The Instructor has an upbeat attitude, though, which is good, because it’s her car you’re going to tear up if this lesson goes sideways. Back in the day, she passed the downtime in high school teaching her classmates this form of driving, so she’s convinced that despite your obvious struggles, you grade out pretty high on her curve.

Nonetheless, that’s a curve pitting you, modern grown man, against her memories of a bunch of turn-of-the-millennium teenagers. Small comfort. It occurs to you that you have no real business writing about or criticizing the performance of any major league baseball player, given that just fouling off a 95 mph fastball is a miracle of human timing and here you are, struggling to use three foot pedals to competently move a Honda Civic forward. By those lights, maybe you should spend your summer sitting down to watch the likes of Chase d’Arnaud, Gordon Beckham, and Tyler Flowers. They are nobodies within their context, and yet they are miraculous talents when viewed from a broader perspective.

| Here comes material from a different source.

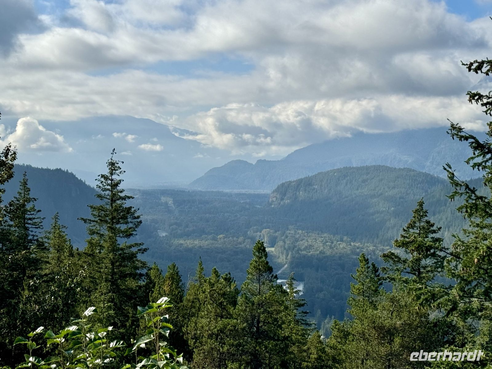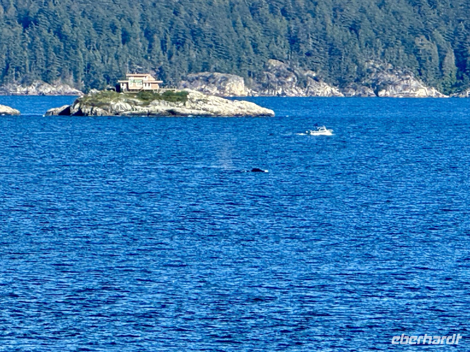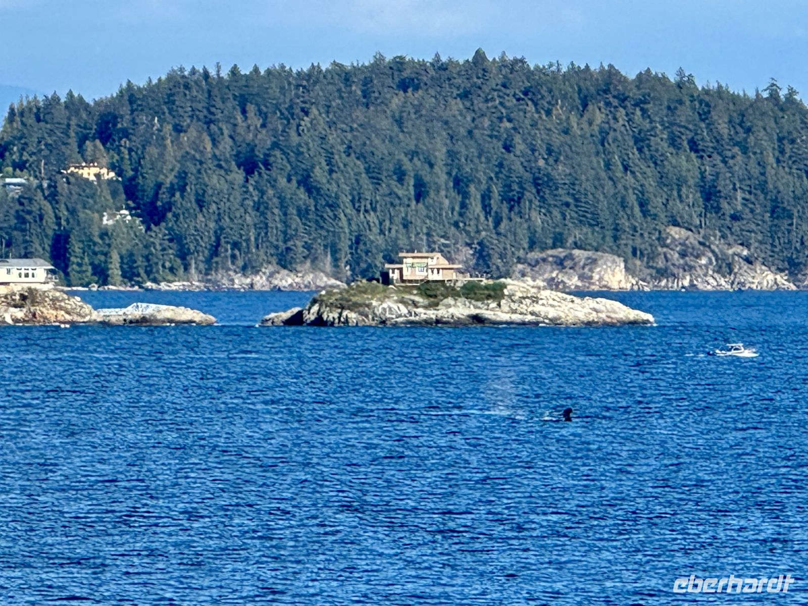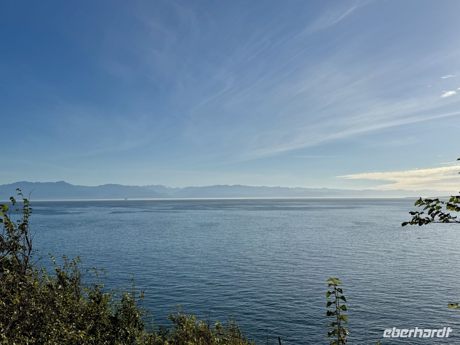 Für unser Frühstück treffen wir uns ausnahmsweise in einem Restaurant gegenüber. Die Fußgängerzone ist ruhig, Whistler schläft noch seinen Rausch von gestern Abend aus. Auch die Angestellten im Restaurant wirken mitunter noch etwas verpeilt. Man möchte ihnen fast einen Kaffee anbieten. Nicht unsere Schuld, wenn sie sich zu ihren Ungunsten verzählen und mehr Portionen zubereiten, als wir Gäste sind. Steve ist wie immer auf Zack und steht mit dem Bus pünktlich bereit. Heute geht es auf dem Sea To Sky Highway von Whistler bis fast nach Vancouver — also für uns umgekehrt: vom Himmel ans Meer. In Horseshoe Bay wollen wir dann am Nachmittag an Bord der Fähre nach Vancouver Island gehen. Für den Vormittag hat sich Eberhardt hingegen ein ganz besonderes Highlight ausgedacht. Und der kanadische Wettergott spielt dafür wieder perfekt mit. Am Tantalus Lookout sind wir noch auf einer Höhe von 320 Metern. Über dem Tal und an den Bergen hängen noch einige Zuckerwattewolken. Ob die sich noch auflösen? An den Shannon Falls sind wir dann schon auf Meeresspiegel-Niveau angekommen. Allzu viel Wasser stürzt nicht mehr den Felsen hinunter; zur Schneeschmelze muss es noch beeindruckender sein. Einen Katzensprung vom Wasserfall entfernt werden wir von Steve an der Sea to Sky Gondola abgesetzt. Wir werden also wieder mit der Seilbahn vom Meer in den Himmel gefahren. Na ja, nicht ganz so hoch, doch paradiesisch schön ist die Aussicht allemal, vor allem der Blick Richtung Howe Sound. Eine Hängebrücke sorgt für Nervenkitzel und einige kleinere Wanderwege laden zu Spaziergängen zu weiteren Aussichtspunkten ein. Oder man lässt sich einfach auf der Terrasse nieder, genießt das Panorama und gönnt sich einen Drink. Ist ja schließlich Urlaub. Zwei Stunden später sind wir nach der obligatorischen Wartezeit am Terminal an Bord der Fähre nach Vancouver Island und verlassen nicht ganz pünktlich den Fährhafen Horseshoe Bay. (BC Ferries erscheint manchmal wie das kanadische Gegenstück zur Deutschen Bahn.) Die Sicht ist so gut, dass hinter uns am Horizont die Skyline von Vancouver klar zu sehen ist, nachdem wir die ersten kleineren vorgelagerten Inseln passiert haben. Meine Glückspilze können während der Überfahrt sogar Buckelwale beobachten, die in einigem Abstand neben der Fähre dahinziehen und ihre Beute jagen. Da gibt es sozusagen ein bisschen Whale Watching schon kostenlos obendrauf. Nach etwa 1,5 Stunden kommt die Durchsage, die uns zur Rückkehr in den Bus auffordert. Zwischen Nanaimo und unserem Tigh-Na-Mara Seaside Spa Resort in Parksville liegen nun noch etwa 30 Minuten Fahrt. Die Gebäude, in denen wir untergebracht sind, stehen am Ende eines Wäldchens direkt am Strand. Beim Abendessen gehen schon die ersten scherzhaften Anfragen nach einer Verlängerung unseres Aufenthalts ein, so schön finden wir es hier.

But it’s not them you’re put off by. It’s the suits who brought them to you while insisting out loud you’d not see the difference, as to huck a couple extra tickets to those who might believe it. It’s the brass who laid on the table every non-sports-fan’s critique of how a pro team’s affection for its fans and its host city runs as deep as a stripper’s, and bet you’d still come back anyway. Deep down you always knew the critique was true, but all you needed was a little kayfabe, you know?

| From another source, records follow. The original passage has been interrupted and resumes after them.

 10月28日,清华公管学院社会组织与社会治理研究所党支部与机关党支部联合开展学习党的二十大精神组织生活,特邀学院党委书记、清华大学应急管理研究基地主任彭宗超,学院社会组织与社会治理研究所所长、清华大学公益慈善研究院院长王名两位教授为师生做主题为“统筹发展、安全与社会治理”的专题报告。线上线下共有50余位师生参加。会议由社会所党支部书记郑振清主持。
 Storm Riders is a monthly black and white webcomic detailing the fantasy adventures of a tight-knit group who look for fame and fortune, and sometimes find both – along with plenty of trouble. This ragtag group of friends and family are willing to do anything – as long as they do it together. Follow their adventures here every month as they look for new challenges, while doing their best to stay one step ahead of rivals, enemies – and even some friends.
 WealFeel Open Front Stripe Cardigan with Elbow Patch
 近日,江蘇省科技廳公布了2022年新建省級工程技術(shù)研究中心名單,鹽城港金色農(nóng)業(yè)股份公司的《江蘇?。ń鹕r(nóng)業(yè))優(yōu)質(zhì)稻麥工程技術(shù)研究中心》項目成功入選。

There are a lot of interesting things to do on a warm summer night. Back in the parking lot, you start and you stop, and start and stop some more, because that’s the part in need of most immediate practice. To retain momentum is relatively simple; to obtain it from nothing, that’s the hard part, especially if your metaphorical ball is about to roll down the false front of the 14th hole once you take your foot off the brake.

You shake off the memory of the earlier disaster on the way to the gas station and attempt the drive home, this time on less crowded streets. It’s a downhill start heading out of the school grounds, and you’re off, shifting conservatively, first to second to first to stop. The stop is at the crest of a hill because of course it is, but fortunately there’s no one behind you. You steel yourself against the inevitable roll backwards, roll a bit, catch it with the clutch, give it some gas – how much gas? Whoa. The Instructor’s car sounds like it’s running from the police now, but it’s going forward! And she’s laughing, saying good job, and you make it back to her place and park the car, feeling like a dork, but a dork who learned something and made progress tonight.

The Braves beat the Giants in extra innings tonight, 5 to 4. From what y’all say, it was pretty well-managed and Freddie Freeman hit a walk-off homer in the bottom of the 11th. The Instructor’s car has a broken radio, though.